Je hebt een belangrijke taak te volbrengen" zei haar vader. Ze
kreeg tranen in haar ogen en wilde wel wat zeggen maar kwam er toen
achter dat ze dat niet kon.
"Je merkt het snel genoeg, het is
je tijd nog niet. En doe de groeten aan je moeder als je bij haar op
bezoek gaat. Ga nu mijn dochter" zei haar vader weer, tranen gleden
nu over haar wangen en voordat ze het wist werd ze naar beneden
gezogen.
Ze deed haar ogen open en zag iets heel fels. Even
dacht ze dat ze weer de hemel zag maar toen ze goed keek zag ze dat
ze in het st. Hostilo lag. Ze had geen idee hoe lang ze had geslapen.
Buiten was het al donker, maar het licht was nog aan.
"Ah
mevrouw Verrera u bent wakker" zei een vriendelijke stem opeens. Ze
ging zitten en zag dat ze met nog een vrouw op de zaal lag. Ze was
zwanger en om haar zat een heel gezelschap. De vrouw die haar net had
aangesproken liep naar haar toe en duwde haar terug in bed.
"Mevrouw
Verrera u bent geraakt door de lamvloek, in uw positie was dat erg
gevaarlijk"
"Mijn positie?" vroeg ze.
"U bent tien
weken zwanger, even dacht ik zonet dat u dood was. U vertoonde geen
levensverschijn…" Madison luisterde al niet meer. Ze was zwanger.

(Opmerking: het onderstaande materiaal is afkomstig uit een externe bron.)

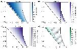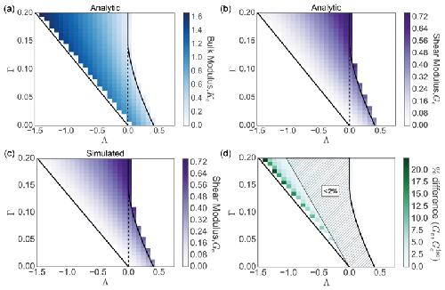 Fig. 6. (a) Heat map across discrete intervals of (Λ,Γ) parameter space showing the value of the analytic bulk elastic modulus Ke [calculated using (33)] of a disordered isotropic monolayer with 800 cells. (b) Equivalent plot of the analytic shear modulus [calculated using (37)]. (c) Computationally estimated shear modulus across parameter space. The elastic shear modulus Ge was estimated from the global perturbation stress as Δσxyℳ=−κGe, following a 1% simple-shear deformation (k = 0.01) on the simulated monolayers used in (b). Each data point is taken as an average from five realizations of a monolayer with 800 cells, with Pext = 0. (d) Percentage difference (|Ge−Geiso|/[0.5(Ge+Geiso)]) between the exact modulus Ge (37) and the approximation Geiso (38), across parameter space; the difference is below 2% in the hatched region.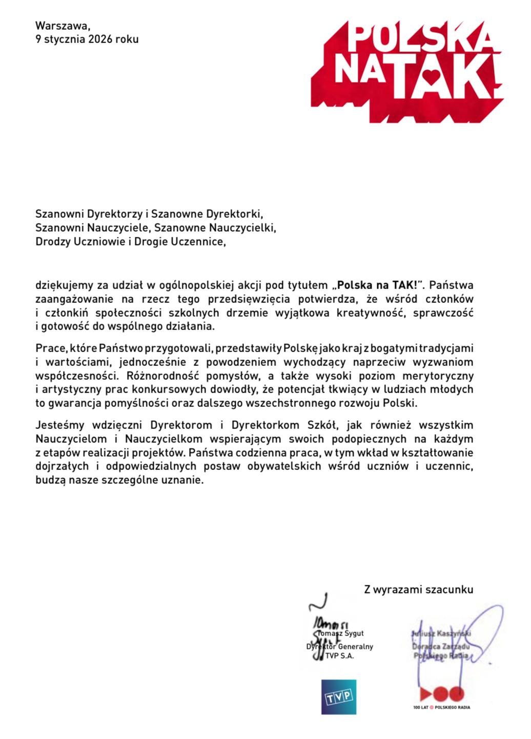 Jest nam niezmiernie miło poinformować, że Samorząd Uczniowski z naszej szkoły wziął udział w ogólnopolskiej akcji pt. "Polska na Tak". Poniżej treść listu z podziękowaniem za udział w tym ważnym wydarzeniu.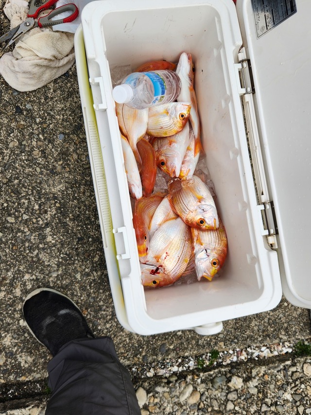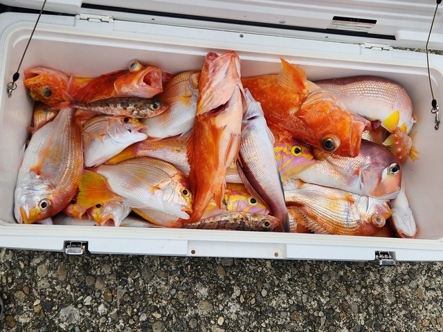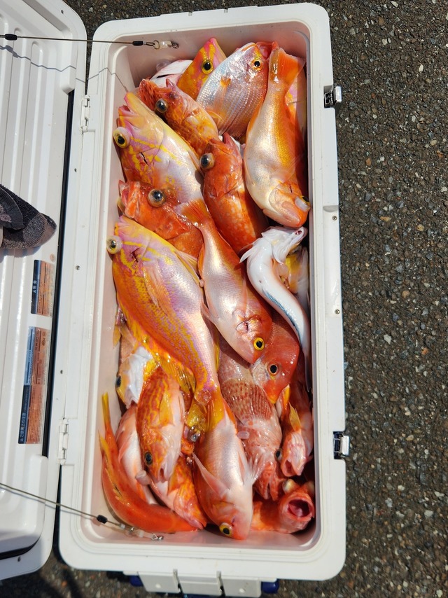 11~46cm 3~8匹 アマダイ 33~51cm 4~11匹 アマダイ、アカイサギ、レンコダイ、ウッカリカサゴ、鬼カサゴ他いろいろ頑張って釣ってくれました。常連さん二人いつも有り難うございます。 ちなみに1人クーラーぎっしり。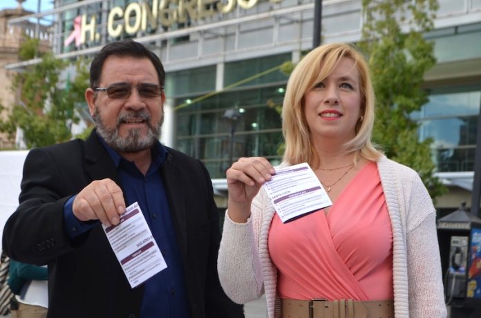 Chihuahua, Chih. – Los diputados de Morena, Miguel Ángel Colunga Martínez y Ana Carmen Estrada García, participaron en la consulta para el nuevo aeropuerto de la Ciudad de México, en la casilla que se colocó en la plaza de armas de la ciudad de Chihuahua.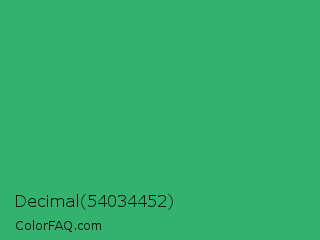 Decimal 54034452 Color is a normal green color and the nearest color is Medium Sea Green #3cb371. Hex code #33b26e and RGB value is rgb(51,178,110). In RGB color space, this color is composed of 20% red, 70% green, 43% blue, In CMYK color space, this color is composed of 71% cyan, 0% magenta, 38% yellow , 30% black , In HSL color space, this color has a hue angle of 148° , 55% saturation and 45% lightness.
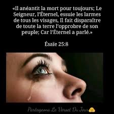 Il fera disparaître la mort pour toujours. Le Seigneur Dieu essuiera les larmes sur tous les visages, et par toute la terre il effacera l’humiliation de son peuple. Le Seigneur a parlé.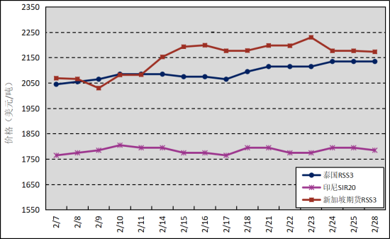 國外主產(chǎn)區(qū):2月,泰國RSS3平均價(jià)格為2093美元/噸,環(huán)比上漲44美元/噸,最高價(jià)為2135美元/噸,最低價(jià)為2045美元/噸;印尼SIR20平均價(jià)格為1784美元/噸,環(huán)比上漲11美元/噸,最高價(jià)為1805美元/噸,最低價(jià)為1765美元/噸;新加坡RSS3期貨主力合約月均結(jié)算價(jià)格為2149美元/噸,環(huán)比上漲161美元/噸,最高價(jià)為2230美元/噸,最低價(jià)為2030美元/噸。

Bijna al drie maanden. Ze had het eerlijk gezegd al verwacht, maar
het was toch verlossend om te horen.
"Mevrouw wanneer komen
mijn vrienden?" vroeg Madison. De vrouw die het nu over pubers had
keek haar aan en zei toen: "De jongen die bleef leven en mevrouw
Griffel komen morgen. Ze waren de hele dag hier bij u gebleven" zei
de vrouw en liep beledigend weg. Madison was blij en viel al snel in
slaap. Ze voelde met haar handen op haar buik en ze verbeeldde zich
iets heel kleins te voelen.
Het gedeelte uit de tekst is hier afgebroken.